[RECORDS SHOWN]

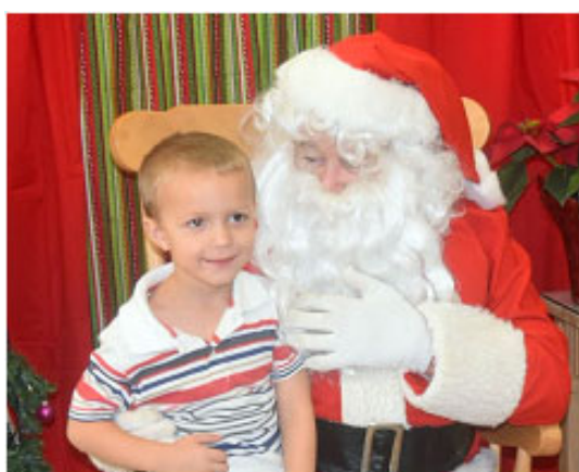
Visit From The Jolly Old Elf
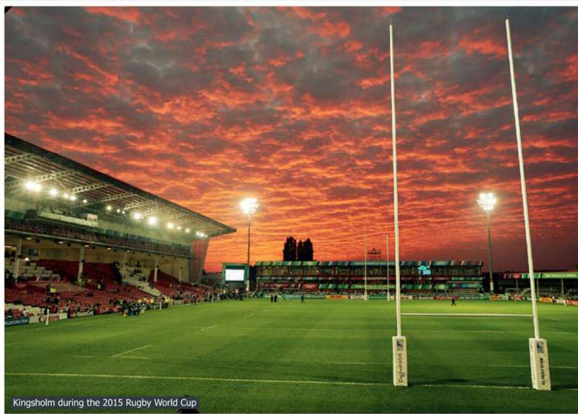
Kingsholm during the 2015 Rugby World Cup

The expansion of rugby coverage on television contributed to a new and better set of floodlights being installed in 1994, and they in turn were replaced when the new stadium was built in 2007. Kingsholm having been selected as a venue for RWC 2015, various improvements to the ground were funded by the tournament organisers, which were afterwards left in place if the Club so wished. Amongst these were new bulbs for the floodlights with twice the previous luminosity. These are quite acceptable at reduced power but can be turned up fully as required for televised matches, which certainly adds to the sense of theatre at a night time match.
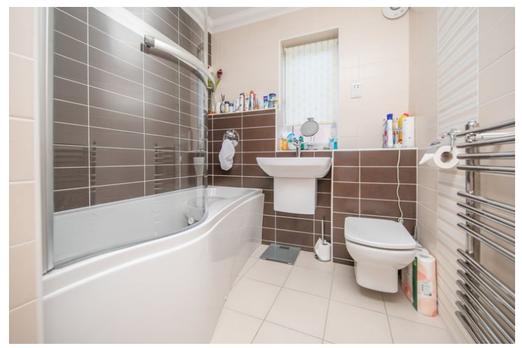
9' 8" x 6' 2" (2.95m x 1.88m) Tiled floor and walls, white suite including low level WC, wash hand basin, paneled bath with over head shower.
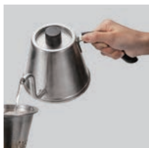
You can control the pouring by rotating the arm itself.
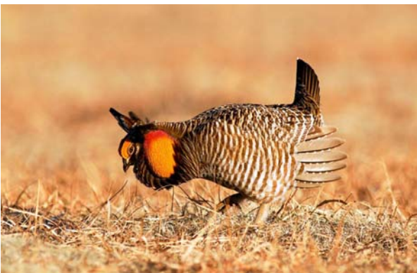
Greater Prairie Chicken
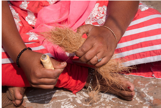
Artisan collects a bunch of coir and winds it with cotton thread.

[/RECORDS SHOWN]
[RECORDS SHOWN]

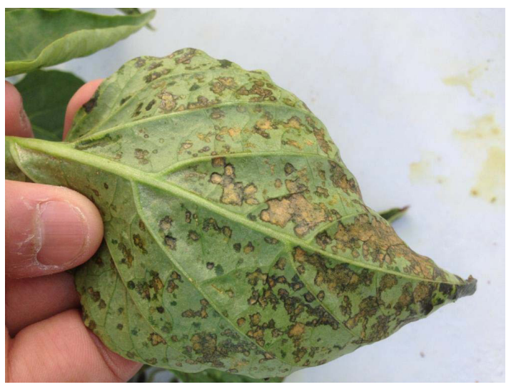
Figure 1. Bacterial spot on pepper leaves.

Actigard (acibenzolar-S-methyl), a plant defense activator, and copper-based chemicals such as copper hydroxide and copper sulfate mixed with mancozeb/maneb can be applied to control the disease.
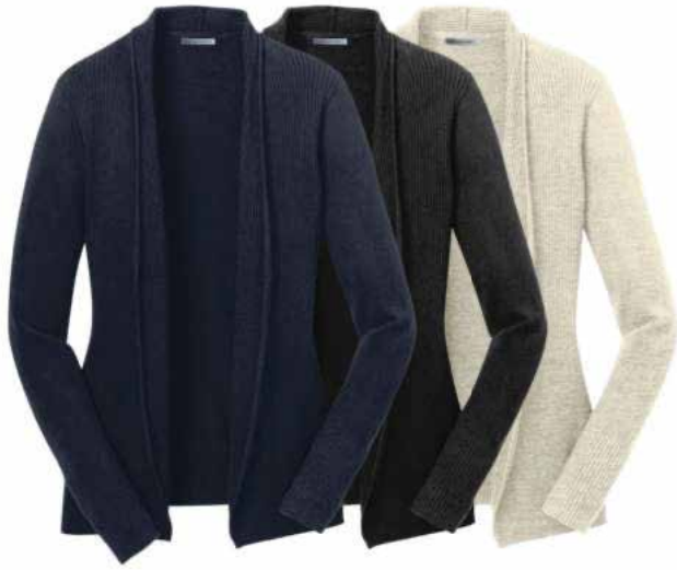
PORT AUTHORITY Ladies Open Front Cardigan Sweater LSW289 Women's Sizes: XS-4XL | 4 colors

[/RECORDS SHOWN]
[RECORDS SHOWN]

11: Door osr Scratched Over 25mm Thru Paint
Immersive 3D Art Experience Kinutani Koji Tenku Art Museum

[/RECORDS SHOWN]

Using the entries above, give again exactly the lines from the line holding "11: Door osr Scratched Over 25mm Thru Paint" through the line holding "Immersive 3D Art". Include both end lines and nothing else.

11: Door osr Scratched Over 25mm Thru Paint
Immersive 3D Art Experience Kinutani Koji Tenku Art Museum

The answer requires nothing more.